▸ Task to complete
The required output is the run of lines from the one holding "2022年5月21日,由日照" through the final line of the listing, restated word for word, with no pictures.
[Data shown]
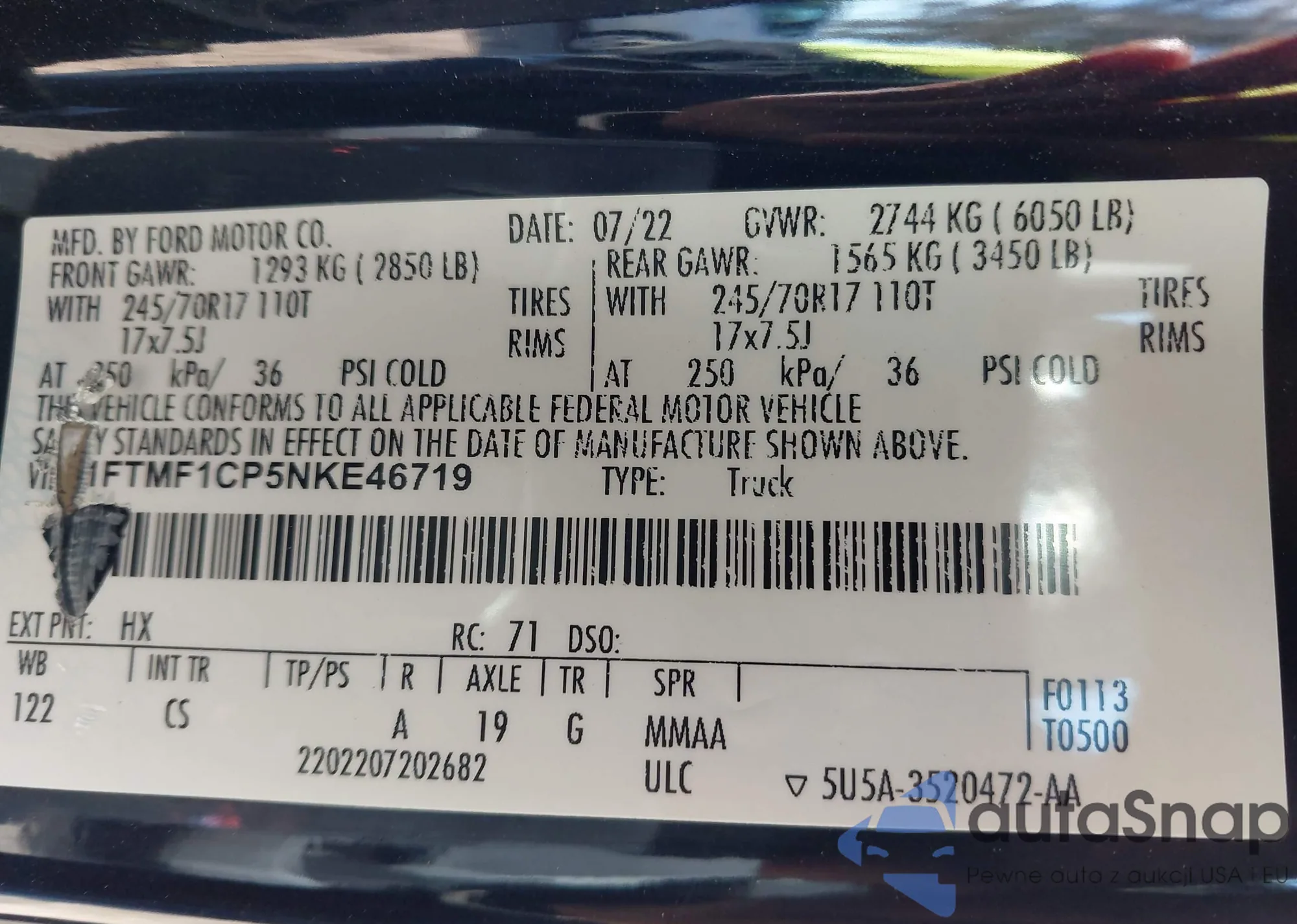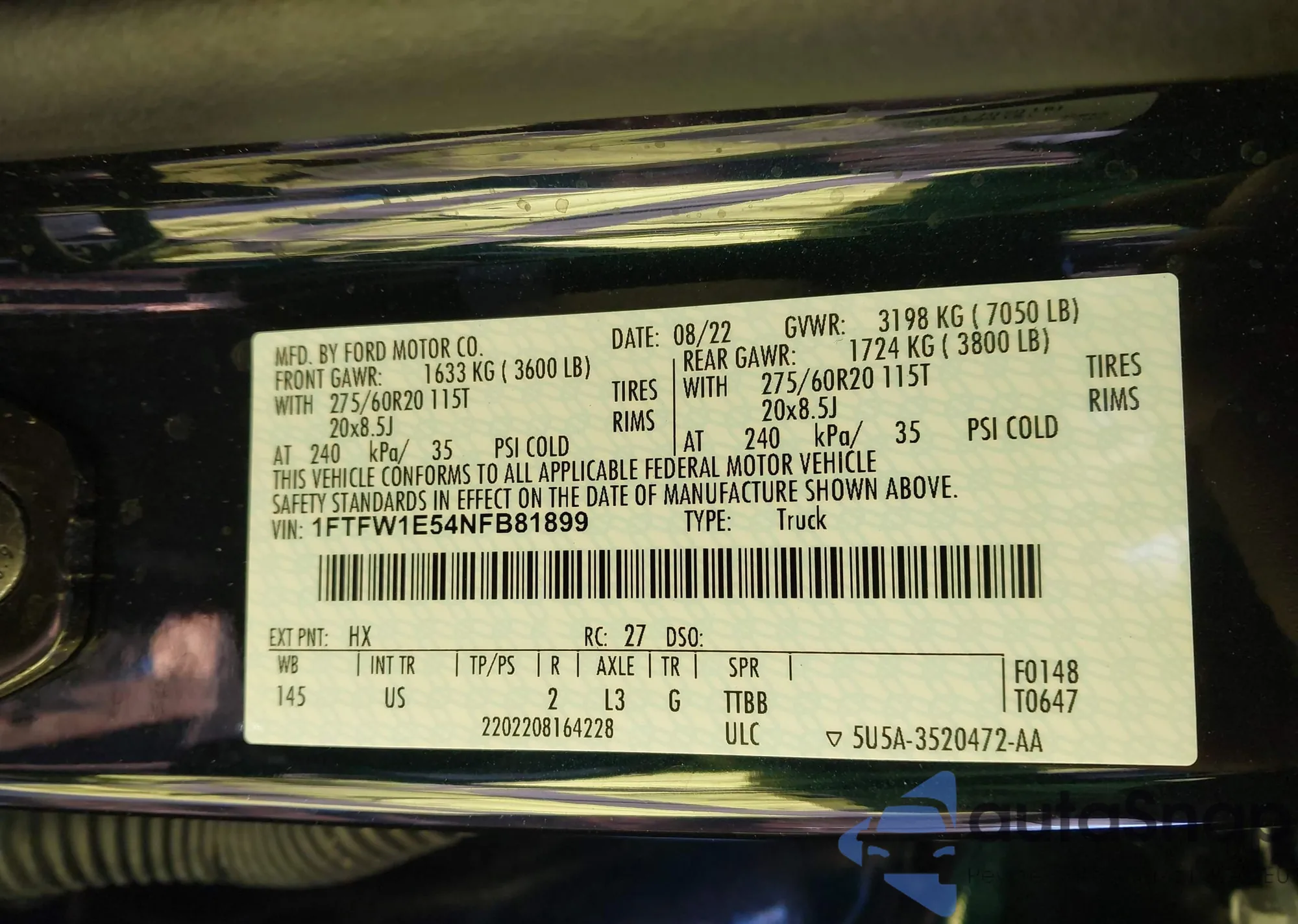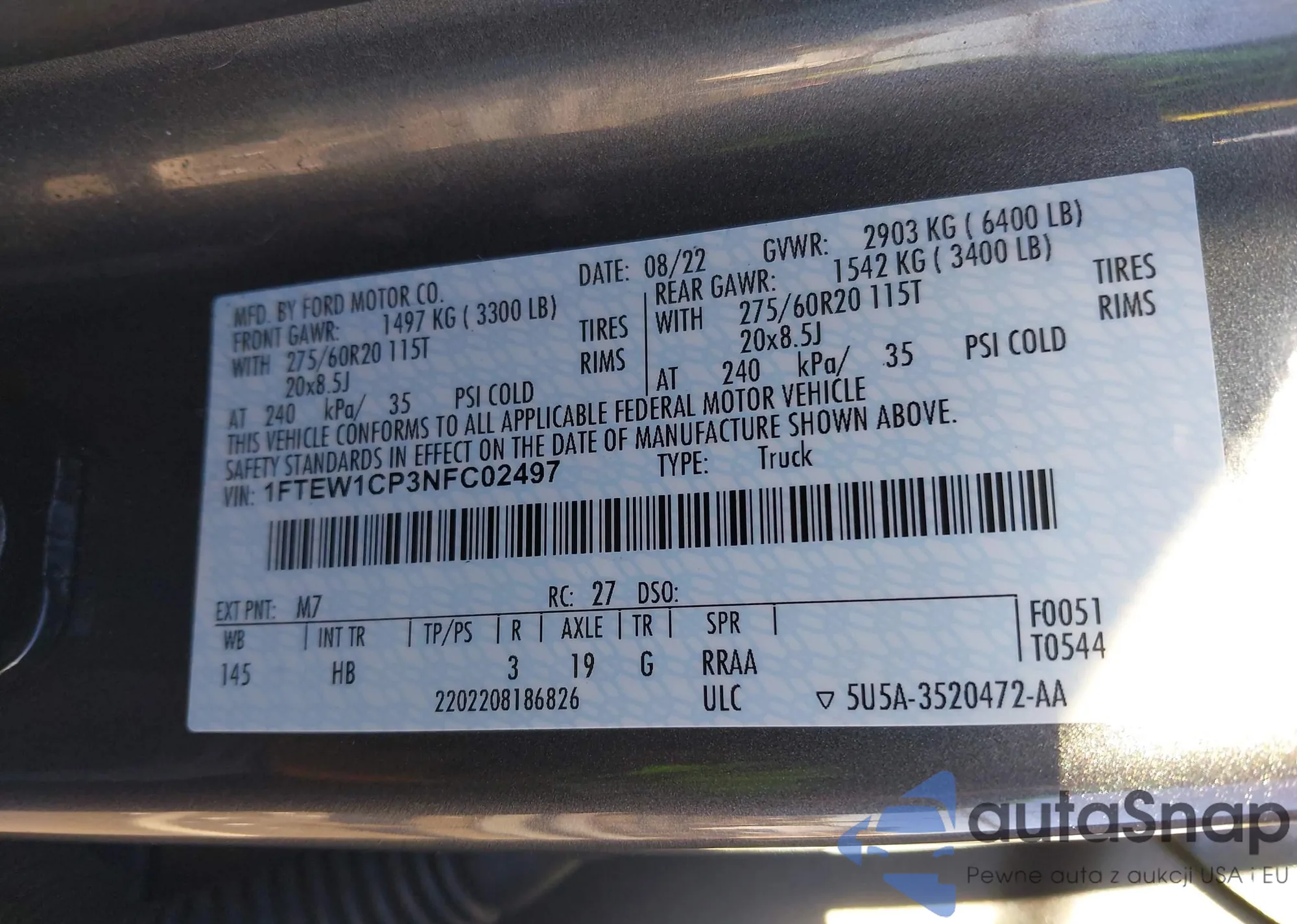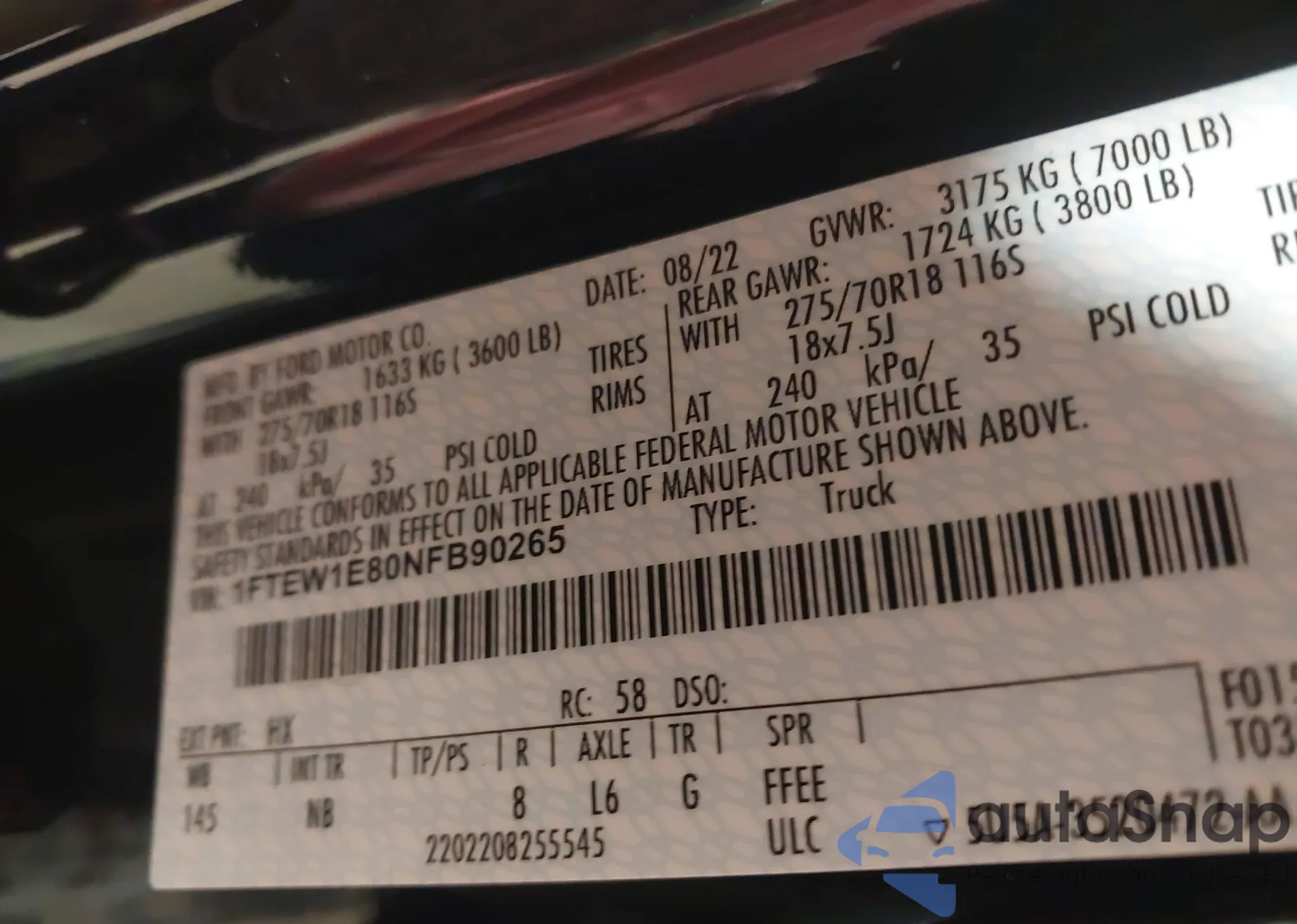 LOT: 44235727 VIN: 1FTFW1E87NKD01969
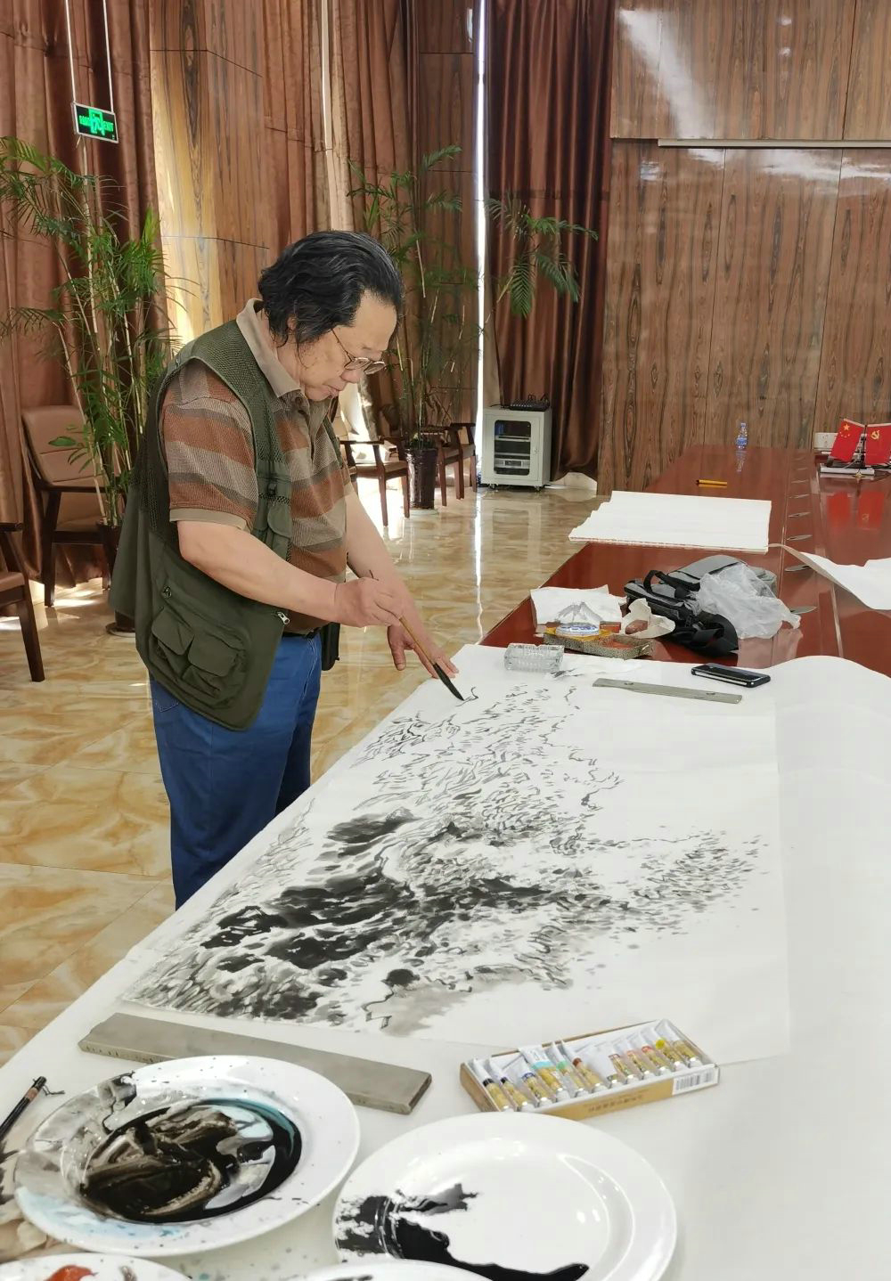 2022年5月21日,由日照日报社、日照新闻书画院共同举办的“海曲•绘”活动,邀请秦绪堂、陶安金两位日照书画名家来6776永利集团集团,以海洋发展为底色,创作了一批优秀书画作品。
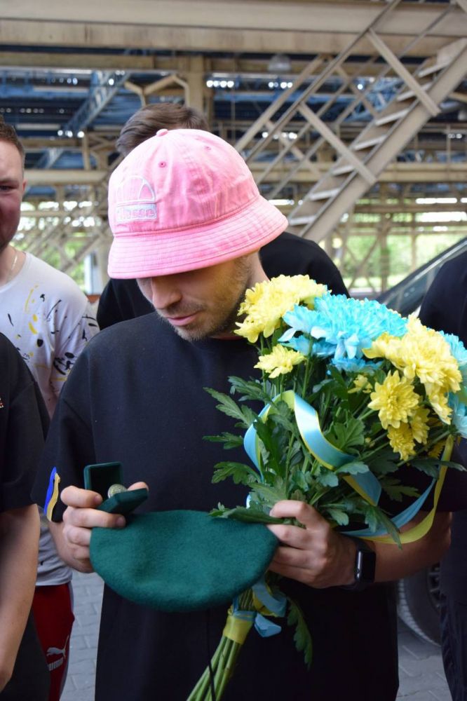 Сьогодні переможці Євробачення Kalush Orchestra повернулись в Україну. На кордоні їх зустріли наші прикордонники, які подарували фронтмену гурту зелений берет.
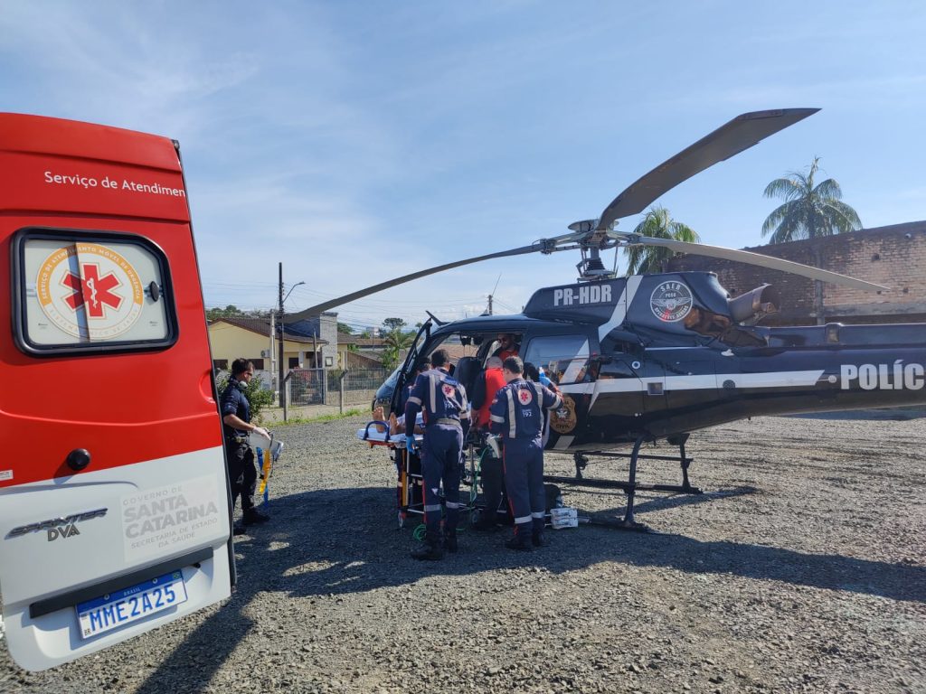 No final desta manhã, por volta das 11h40, a central do SAMU acionou para transferência do município de Praia Grande para Criciúma, um homem de 53 anos, vítima de acidente de trabalho, com Traumatismo Crânio Encefálico (TCE) grave, com fratura de crânio, após cair de aproximadamente 3 metros. Foi atendido e intubado no hospital Nossa Senhora de Fátima, de Praia Grande. O paciente foi transferido para o hospital São José para avaliação neurológica e tratamento definitivo.
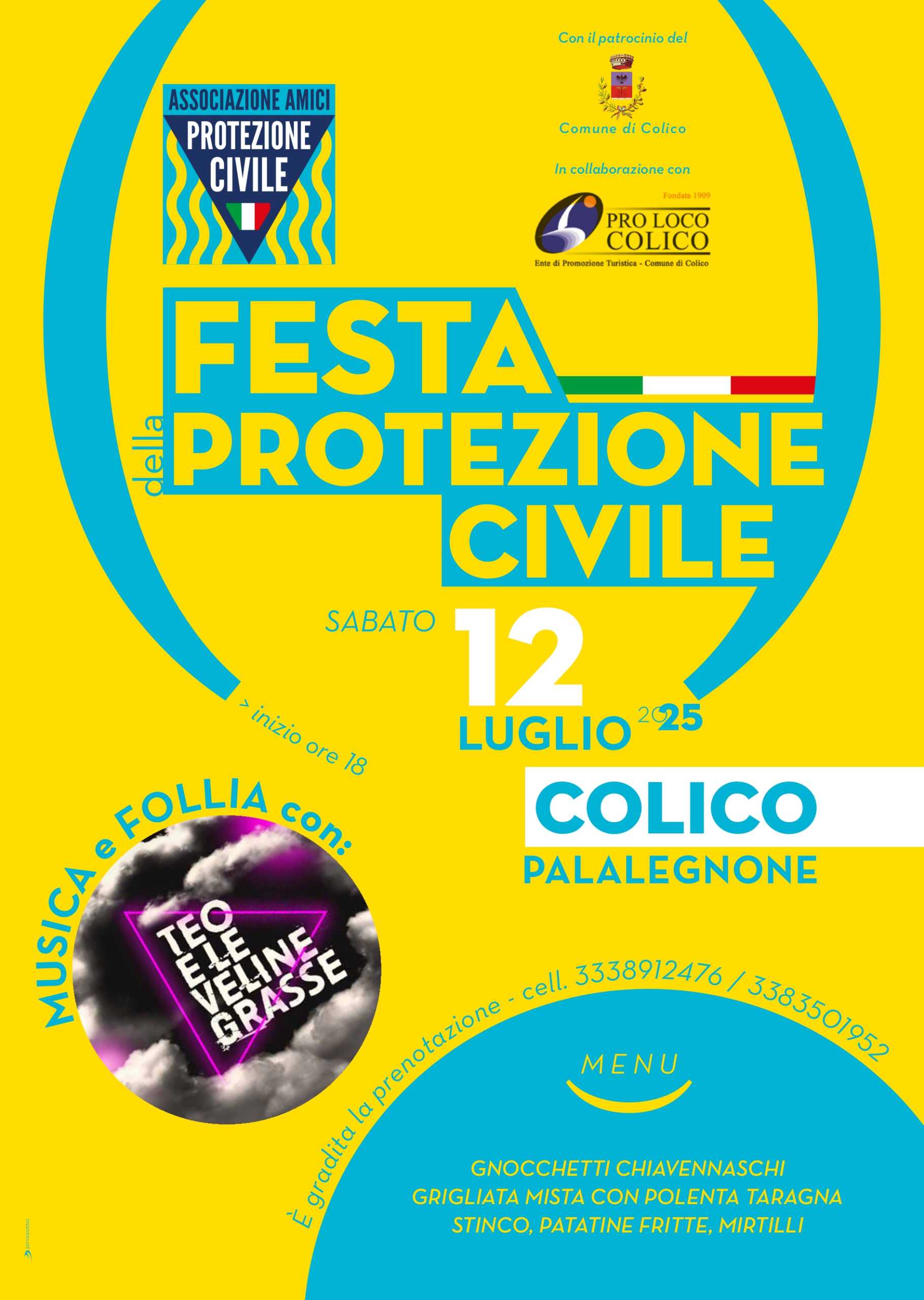 Sabato 12 Luglio si terrà l’annuale Festa degli amici della Protezione Civile presso il Palalegnone a Colico. La festa inizierà alle 18.00 con la cena a base di gnocchetti chiavennaschi, grigliata mista con polenta taragna, stinco e patatine fritte. A seguire il concerto della band “Teo e le Veline Grasse”, che allieteranno la serata.
[/Data shown]
▸ Task answer
 2022年5月21日,由日照日报社、日照新闻书画院共同举办的“海曲•绘”活动,邀请秦绪堂、陶安金两位日照书画名家来6776永利集团集团,以海洋发展为底色,创作了一批优秀书画作品。
 Сьогодні переможці Євробачення Kalush Orchestra повернулись в Україну. На кордоні їх зустріли наші прикордонники, які подарували фронтмену гурту зелений берет.
 No final desta manhã, por volta das 11h40, a central do SAMU acionou para transferência do município de Praia Grande para Criciúma, um homem de 53 anos, vítima de acidente de trabalho, com Traumatismo Crânio Encefálico (TCE) grave, com fratura de crânio, após cair de aproximadamente 3 metros. Foi atendido e intubado no hospital Nossa Senhora de Fátima, de Praia Grande. O paciente foi transferido para o hospital São José para avaliação neurológica e tratamento definitivo.
 Sabato 12 Luglio si terrà l’annuale Festa degli amici della Protezione Civile presso il Palalegnone a Colico. La festa inizierà alle 18.00 con la cena a base di gnocchetti chiavennaschi, grigliata mista con polenta taragna, stinco e patatine fritte. A seguire il concerto della band “Teo e le Veline Grasse”, che allieteranno la serata.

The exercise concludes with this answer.